# [SOLVED] Front Audio Connection



## ROADDOGG38 (Jan 10, 2009)

I'm not sure if I should be posting this here or somerwhere else because i don't think this question would be considered a mod, but it is about the case. I have an Antec Performance TX1050B case that has front case connections for audio, usb and firewire. My board is an XFX nForce680i LT (OEM). I need help changing the wire configuration for the front audio. The two ports available are green and pink. The green is for speakers or headphones, I think, want to be 100% sure. The pink I believe should be a mike port? The audio header from the board is suppose to be HD audio and is not labeled the way the case instructions direct you for the hook-up. Can anyone tell me which wires go to what pin numbers.:4-dontkno


----------



## Wrench97 (May 10, 2008)

*Re: Front Audio Connection*

Which OEM did the board come from?
See if this diagram helps your FP cables should be marked


----------



## ROADDOGG38 (Jan 10, 2009)

*Re: Front Audio Connection*

The board is XFX OEM, just mens that it's missing one of the PCI express slots. The one thats not OEM has three and mine only has two. That's the only difference I've noticed between the two. Yeah, this diagram is similar to the mobo user guide. The guide haspins assigned as:

pin 1 - PORT1_L
pin 2 - AUD_GND
pin 3 - PORT1_R
pin 4 - PRECENCE_J
pin 5 - PORT2_R
pin 6 - SENSE1_RETURN
pin 7 - SENSE_SEND
pin 8 - EMPTY
pin 9 - PORT2_L
PIN10- SENSE2_RETURN

but the pin assignment for the case is:

1. microphonesignal pin: connect the mic here
2. microphone power: connect the mic-bias here
3. ground pin for audio here
4. front right speaker out: connect the FPOUT-R here
5. front left speaker out: connect the FPOUT-L here
6. rear right speaker out : connect RET-R here
7. rear left speaker out: connect RET-L here
nothing for 8, 9, and 10.

So my problem is that the terms and number of pins don't match-up. For example: the mobo is PORT1_L, does this translate into FPOUT-L or RET-L from the case. This is what I can't figure out.
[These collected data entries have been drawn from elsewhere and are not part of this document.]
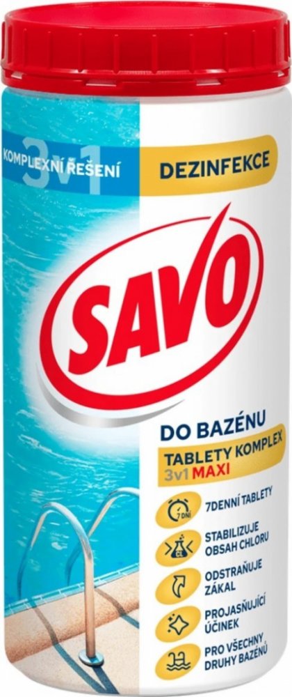 Potrpíte si na perfektní kondici vody v bazénu? Bazénová chemie SAVO vám potom bude perfektně sloužit. Získáte ji ve formě tablet v balení o hmotnosti 1,2 kg. Z toho jedna tableta dosahuje hmotnosti přibližně 200 g. Tato varianta bazénové chemie dezinfikuje, takže vyřadí ze hry velké množství škodlivých bakterií.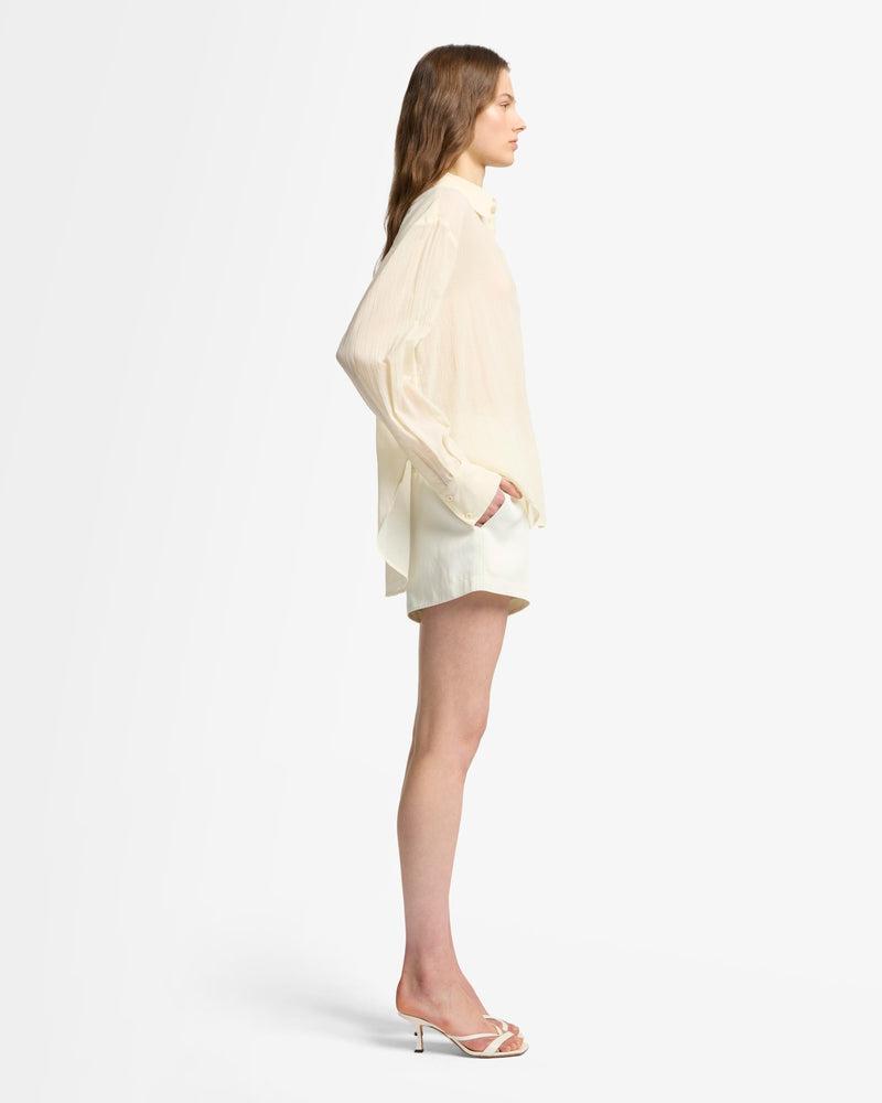 Fits like: An oversized button-down shirt with a relaxed silhouette and dropped shoulders for a laid-back yet refined look.Feels like: Lightweight and breathable, crafted from slightly sheer voile fabric for a soft, airy feel with a delicate drape. The Details: Ivory shade Pointed collar and button-front closure Long s
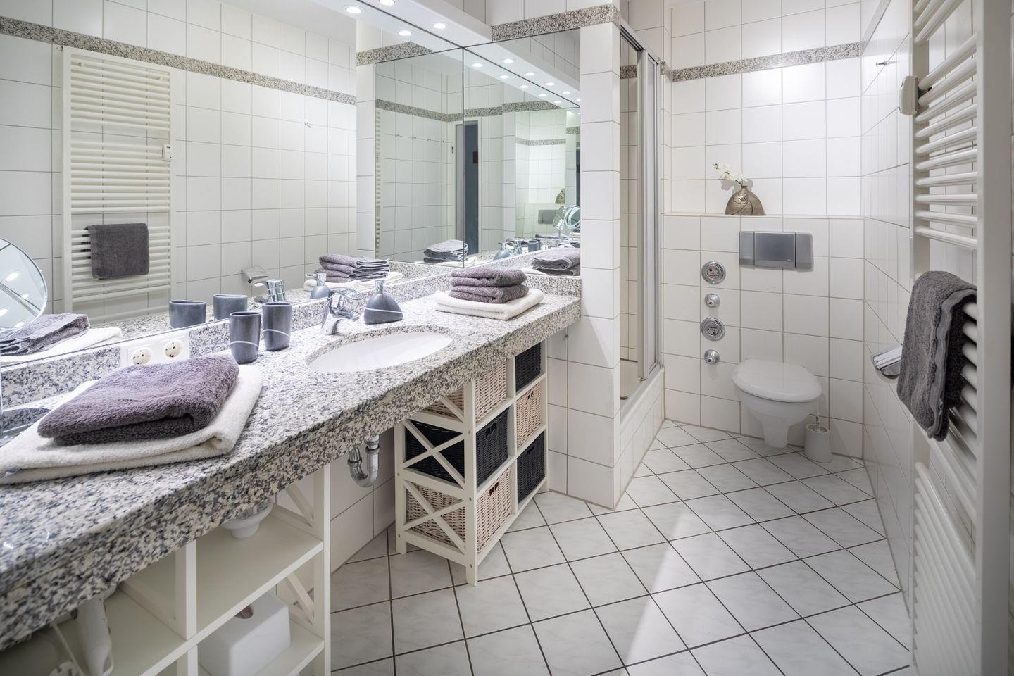 Das Badezimmer ist modern eingerichtet und verfügt über einen großen Waschtisch mit Ablage, Dusche, WC, Haartrockner und Handtuchtrockner.

I do know that HD audio is basically two front speakers, R and L.
Two side speakers, R and L. Two rear surround speakers, a subwoofer and a center channel speaker. Getting that down to just 2.0 stereo is also part of the problem, which I'm sure the front audio on the case is.


----------



## ROADDOGG38 (Jan 10, 2009)

*Re: Front Audio Connection*

Check the info starting on page 19. Helped me solve my issue.


----------



## Wrench97 (May 10, 2008)

That is a handy guide.


----------